Prof. Dr. Nevzat Tarhan: “Verimli geçecek bir bayram aile bağlarına iyi gelecektir”

Prof. Dr. Nevzat Tarhan: “Verimli geçecek bir bayram aile bağlarına iyi gelecektir”

Bayramların önemi ve toplumdaki yerine ilişkin değerlendirmede bulunan Psikiyatrist Prof. Dr. Nevzat Tarhan, “Çocuklar bayramları çok severler. Çocuklar bayram ederler. Bu nedenle bayramların çocuklarla beraber kaliteli bir şekilde geçirilmesini, aileye katkı sağlamasını öneriyoruz. Verimli geçecek bir bayram aile bağlarına iyi gelecektir. Bayramlar aile hayatını sevdirme günleridir.” dedi.

Prof. Dr. Nevzat Tarhan: “Bayramlar, ilişki yönetimini öğrendiğimiz alandır.”

Üsküdar Üniversitesi Kurucu Rektörü, Psikiyatrist Prof. Dr. Nevzat Tarhan, bayramların önemi ve toplumdaki yerine ilişkin değerlendirmede bulundu.

Bayramlar toplumsal ihtiyaçtır

Prof. Dr. Nevzat Tarhan, sadece bizim inanç sistemimizde değil, tüm dinlerde bayramların ve özel günlerin bulunduğunu dile getirerek, “Bizde de Ramazan Bayramı ve Kurban Bayramı var. Bayramlar toplumsal ihtiyaçtır.” dedi.

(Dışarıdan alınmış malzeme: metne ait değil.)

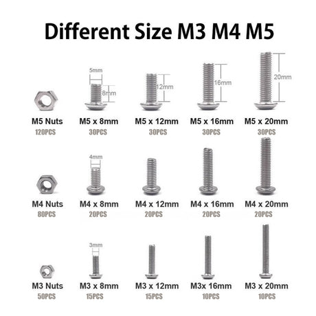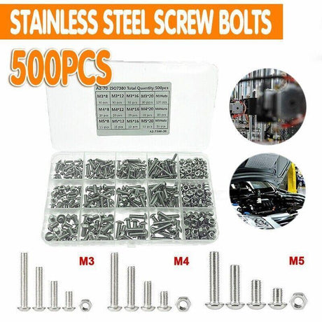 Regular price $9.77Unit price /Unavailable 500PCS M3 M4 M5 Stainless Steel Hex Socket Head Bolts Screws Nuts Kit
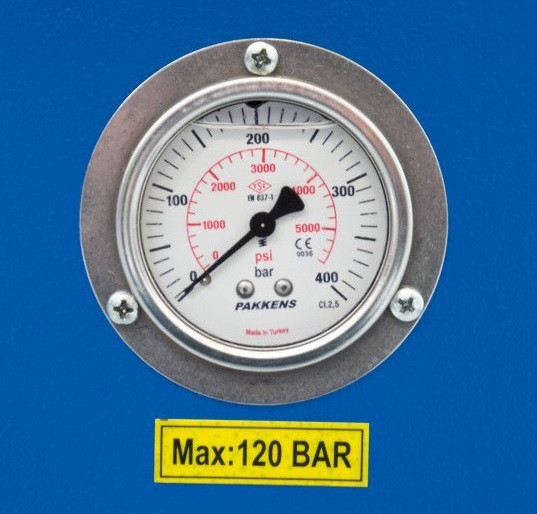 La cintreuse à galets dispose d’un manomètre de série, de rouleaux d'appuis ainsi que d’un socle.
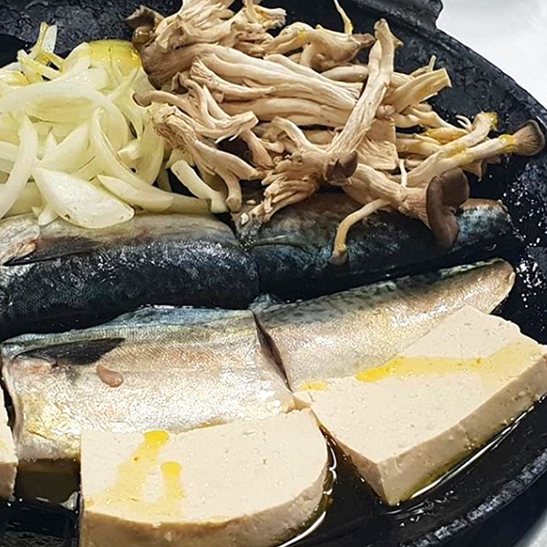 처음 고등어두부구이를 접한 분들은 두부과 고등어, 느타리 버섯과 양파위에 무심하게 휘둘러 뿌려진 들기름까지 과연 이 조합은 어떤 맛이 날까 의문에 쌓이게 만든다고 하는데요.
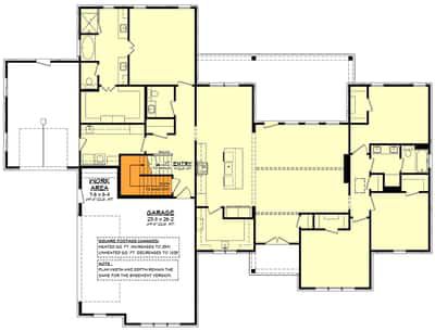 This modern farmhouse ranch layout provides about 2,557 sq ft of main-floor living with the option to add a roughly 415 sq ft bonus room above the garage. The plan includes 4 bedrooms (or 5 with bonus finish), 2.5 baths on the main level (3.5 total with bonus), and a generous 3-car garage (~1,006 sq ft). It blends casual country charm, modern farmhouse details and the ease of a single-level ranch. 0
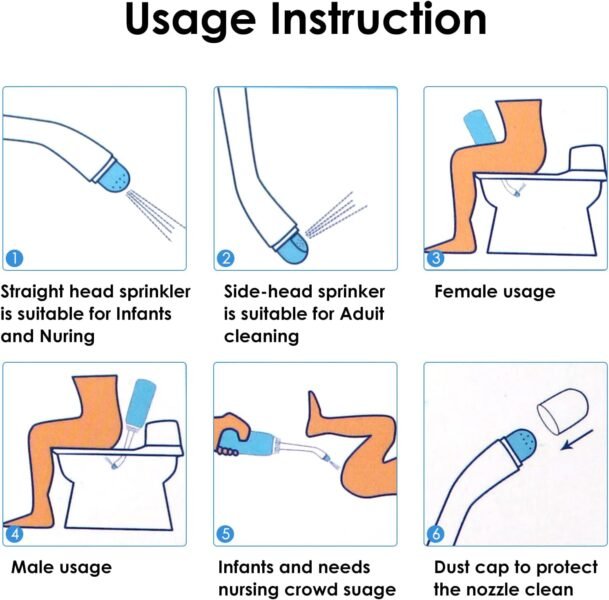 This bidet is intended for external use onlyClean reservoir and nozzle assembly on a regular basis to avoid harmful bacteriaFor proper cleaning use the bidet spray in a circular motionThis product can not be stored or carried with water.It is recommended to refill the water when it is used.And the remaining water should be drained.
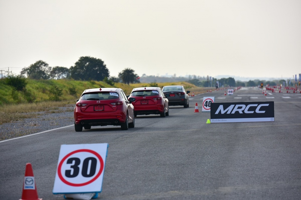 จากนั้นได้มาทดสอบระบบ MRCC หรือ Mazda Radar Cruise Control ที่ช่วยปรับความเร็วตามคันหน้าโดยอัตโนมัติ เพียงแค่ตั้งความเร็วที่ต้องการไว้ และไม่ต้องเหยียบคันเร่ง จากนั้นรถจะคอยตรวจสอบระยะห่างระหว่างคันหน้าอยู่ตลอดเวลา หากรถคันหน้าชะลอช้าลง ระบบ MRCC ก็จะสั่งให้ชะลอความเร็วตามคันหน้าด้วยเช่นกัน แต่ถ้ารถคันหน้าชะลอความเร็วลงต่ำกว่าประมาณ 20-25 กม./ชม. ระบบ MRCC จะตัดการทำงานออกไปอัตโนมัติพร้อมสัญญาณแจ้งเตือนบนหน้าปัด
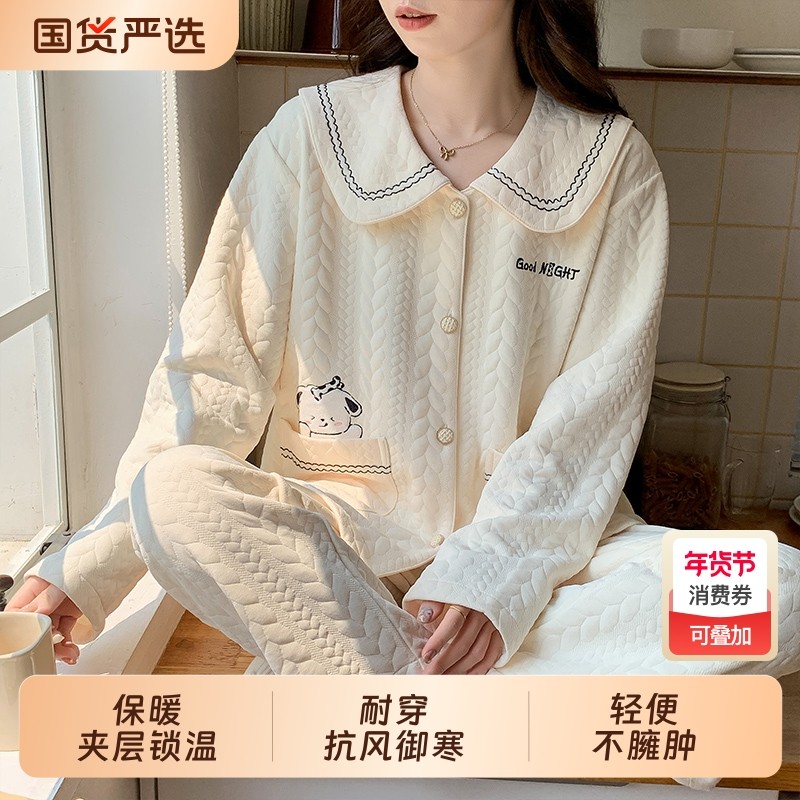 睡衣女秋冬季款珊瑚绒加厚加绒三层夹棉保暖家居服套装可外穿新款
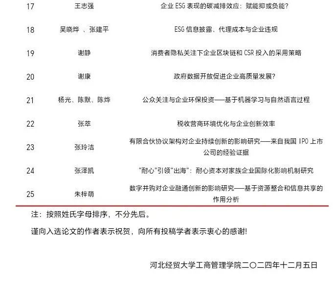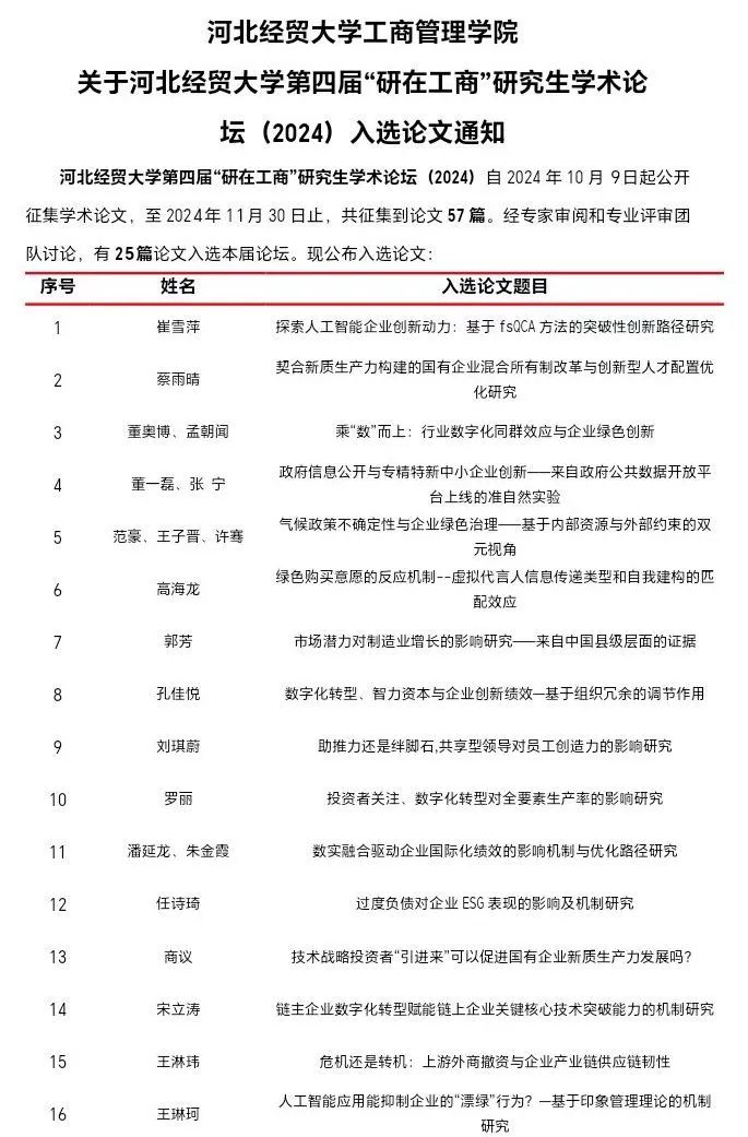 关于河北经贸大学第四届“研在工商”研究生学术论坛(2024)入选论文通知
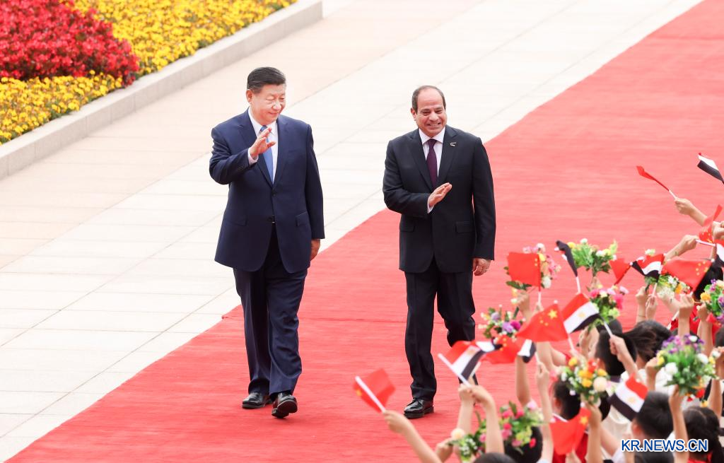 시진핑(習近平) 중국 국가주석이 지난 29일 오후 베이징 인민대회당에서 제10차 중국-아랍 협력포럼 장관급 회의 개막식 참석차 중국을 방문한 압델 파타 엘시시 이집트 대통령과 회담을 가졌다. 회담에 앞서 시 주석은 인민대회당 동문 밖 광장에서 엘시시 대통령을 위한 환영식을 열었다.[촬영/신화사 기자 팡싱레이(龐興雷)]
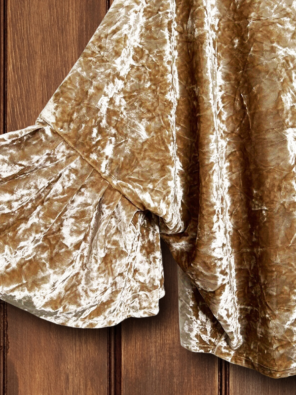 This top features velvet fabric and trendy bell sleeves, adding a touch of sophistication to any outfit. The soft and comfortable material makes it perfect for both casual and formal occasions. this top is a must-have for fashion-forward women.
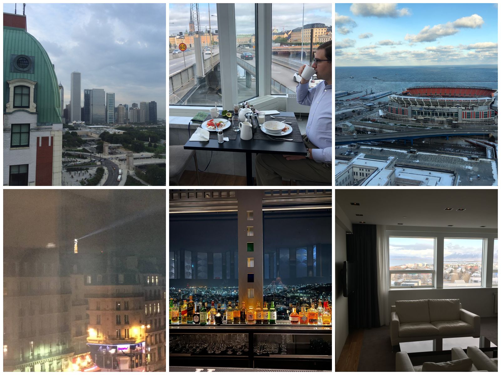 Left to right, top to bottom: partial skyline view from the Hilton Chicago (Illinois, USA); breakfast over a highway at the Hilton Stockholm Slussen (Sweden); view of the Cleveland Browns Stadium from the Hilton Cleveland Downtown (Ohio, USA); distant view of the Eiffel Tower from the Hilton Paris Opera (France); view of Naha from the 20th floor Sunset Lounge Bar at the DoubleTree by Hilton Hotel Naha Shuri Castle (Okinawa, Japan); view of Reykjavik from the Hilton Reykjavik Nordica (Iceland).
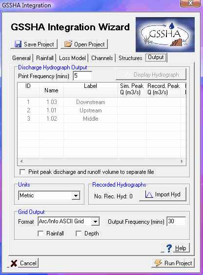 To add the recorded discharge hydrograph(s) to the GSSHA project, select the '
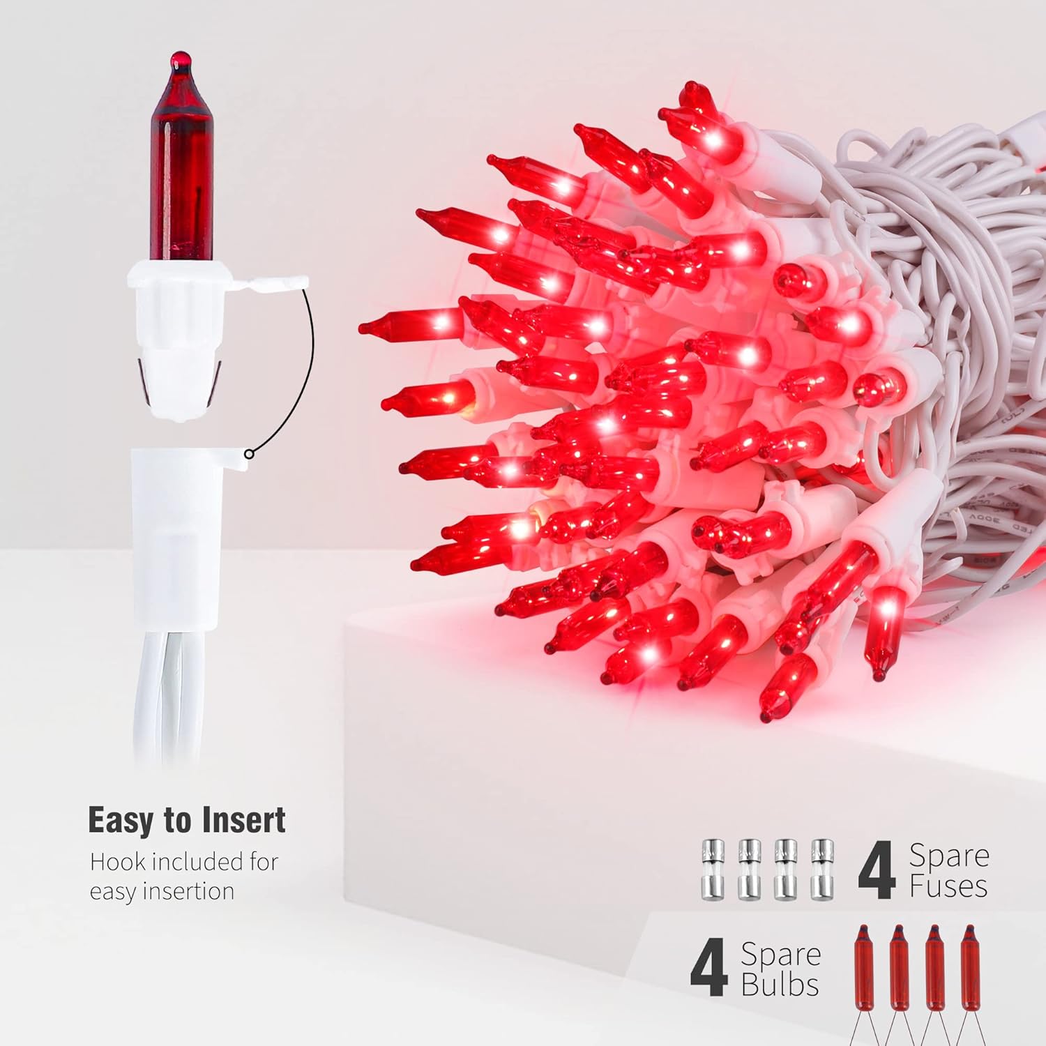 • 2 Strings in 1 Pack:100count red mini bulbs on white wire, 66ft total length.33ft 50count per strand,2.76-inch spacing, 19.6-inch lead, 5.1-inch tail.Come with 4 spare bulbs and 4 spare fuses.Ideal for Christmas,New Year,Halloween party,engagement,wedding and Valentine's Day decoration
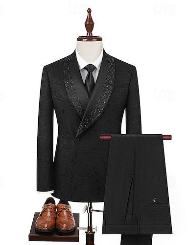 Completi da matrimonio da uomo colletto a scialle nero rosa moda quotidiana unito tailored fit set da 2 pezzi monopetto un bottone
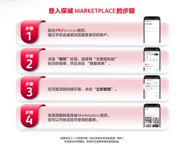 通过PRUServices 的 Prudential Marketplace 平台兑换礼券,以享用相关医疗健康服务;或
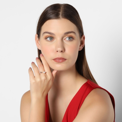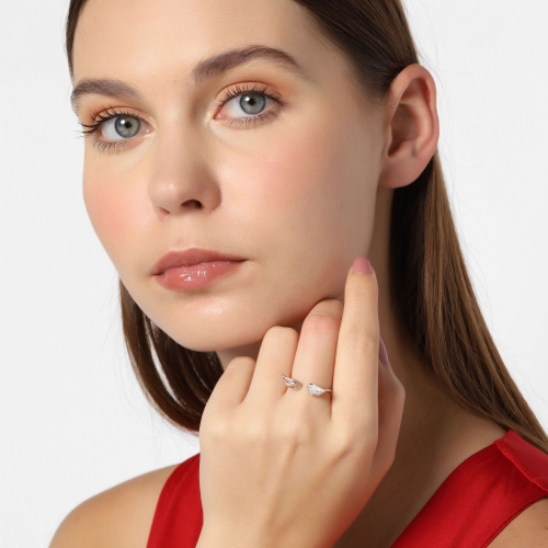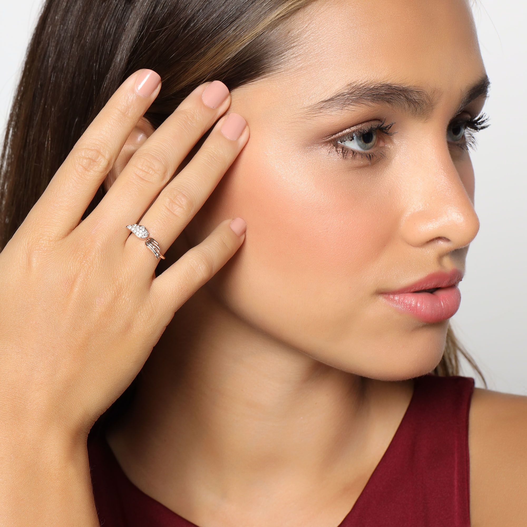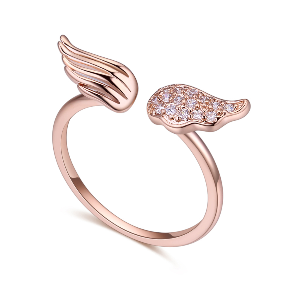 Hermoso anillo en baño de oro rosa de 18 quilates , diseño de alas, con incrustaciones de cristales blancos.
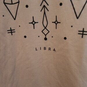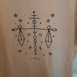 This t-shirt is made by Bella + Canvas, in a soft blush color. There are no flaws or rips. It features the glyph for Libra.
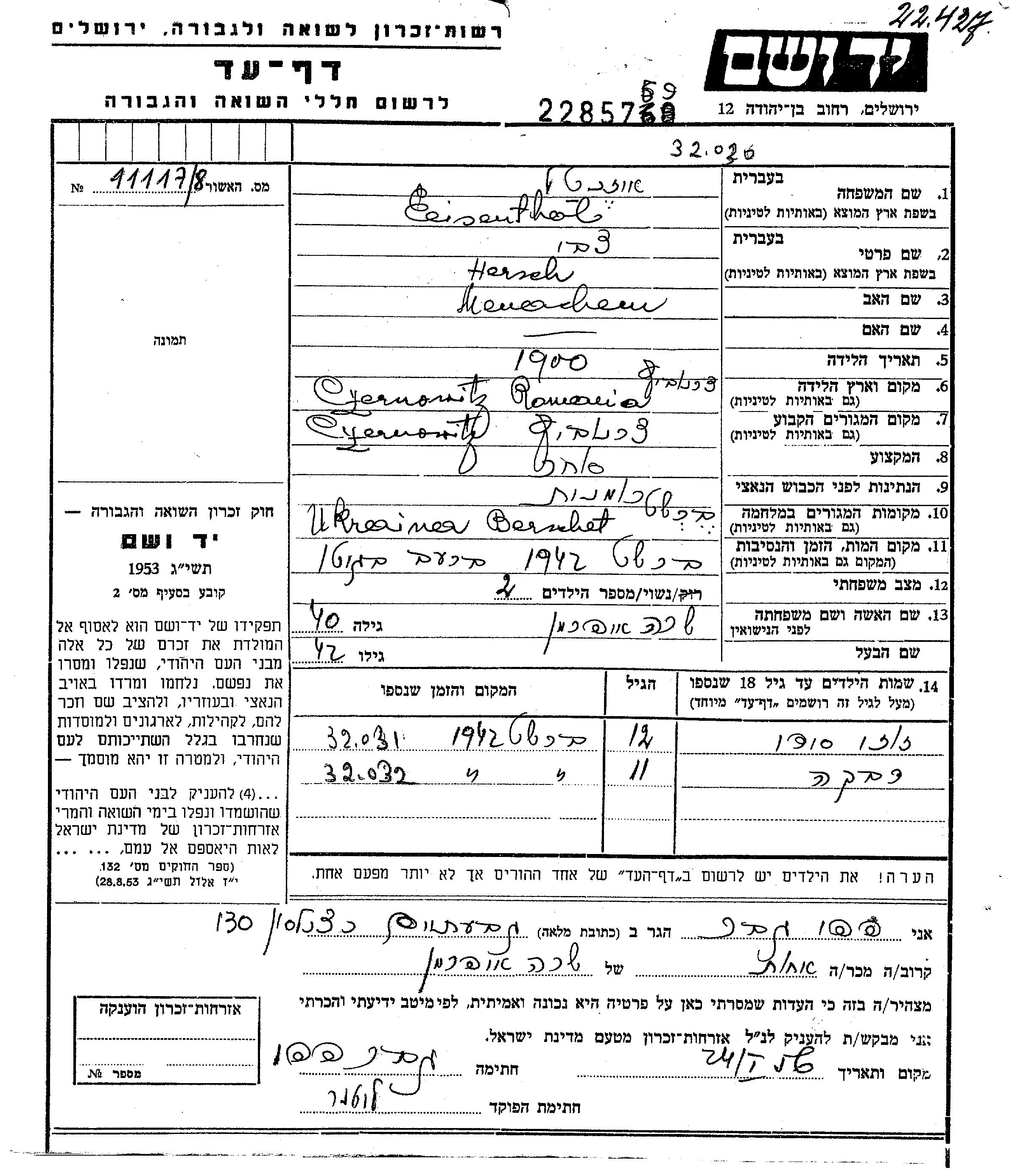 Eizenthal רבקה Cernovcy, רומניה דף-עד
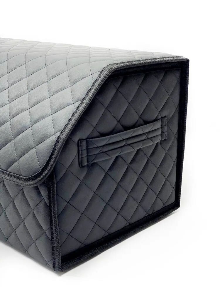 Саквояж в багажник автомобильный эко кожа черная синий ромб, объем 45 л
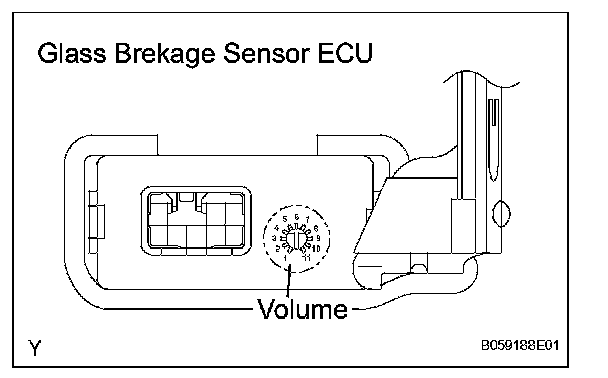 b. The sensitivity of the glass breakage sensor can be adjusted by the volume switch in the glass breakage sensor ECU.
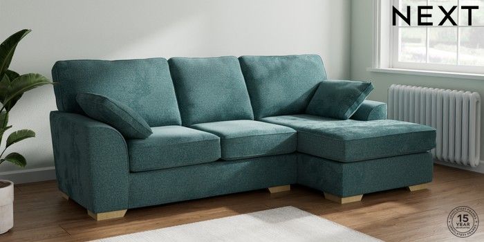 7.2.10 Buy Stamford Medium Sofa Chaise - Right Hand Chunky Chenille Mid Teal Green Large Square Angle - Light from the Seasons online shop Click here to use our website with more accessibility support, for example screen readers
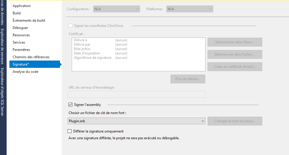 - On peut généralement utilisé un fichier .SNK dans Visual Studio en allant dans les Propriétés d'un projet, dans l'onglet «Signature» :

Dini bayramları sadece dini boyutuyla değil, bireysel ve toplumsal boyutuyla ele almak gerektiğini hatırlatan Prof. Dr. Nevzat Tarhan, Kurban Bayramı’nın asıl anlamının Allah’a yaklaşmak olduğunu söyledi.

Kurban, yaklaşmak demektir

Prof. Dr. Nevzat Tarhan, dini bayramların ibadet boyutuna vurgu yaparak, “İnsanın dini ritüelleri ve dini pratikleri yerine getirmesi için anlamını bilmesi lazım. Kurban Bayramı’nın asıl anlamı, Allah’a yaklaşmaktır. Kurban Bayramı’nın çıkışı, Hz. İbrahim oğlu Hz. İsmail’i Allah’a kurban etmesini üst üste rüyasında görünce bunun Allah’tan gelen bir emir olduğunu anlıyor. Karşılaştığı güçlüklerle başa çıkmasında yardım ettiği için Allah’a teslimiyetini göstermek istiyor ve oğlu İsmail’i kurban etmeye karar veriyor. Her ikisi de bu teslimiyet imtihanını kazanıyor ve buna karşılık Cebrail aracılığıyla bir kurban gönderiliyor. Aslında buradaki amaç daha da yakınlaşmak için bir adım atmasını sağlamak. Kurban, yaklaşmak demektir. Manayı düşünmezsek Kurban Bayramı’nı sadece hayvan kesim bayramı olarak görmüş oluruz.”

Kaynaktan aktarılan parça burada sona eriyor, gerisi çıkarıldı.